[Start of section]

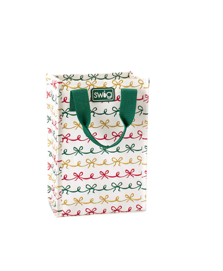 Swig Life's Reusable Bags are perfect for all of life's celebrations; birthdays, weddings, and holiday parties, and are a go-to favorite for everyday use. This tall reusable bag is ideal for medium-sized gifts, like slippers or gloves and scarves, and can be used to gift our Mega Mugs and accessories. Pack this for girl's night; it fits two wine bottles and two Stemless Wine Cups!
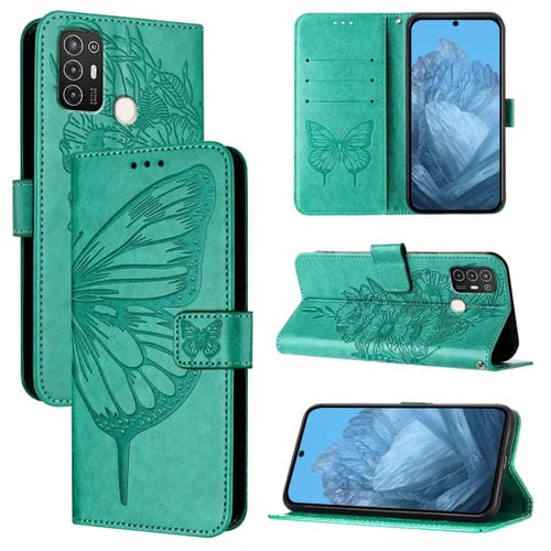 Funda de Cuero para ZTE Blade A52 con Mariposa en Relieve (Verde)
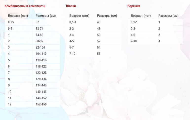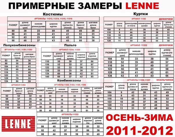 Размеры, замеры, вес (коляски, одежда, обувь) - сводные таблицы, информация

[End of section]

In the listing above, retype exactly, and only, the lines from the one containing "Funda de Cuero" through the last line, both included. Omit the pictures.

 Funda de Cuero para ZTE Blade A52 con Mariposa en Relieve (Verde)
 Размеры, замеры, вес (коляски, одежда, обувь) - сводные таблицы, информация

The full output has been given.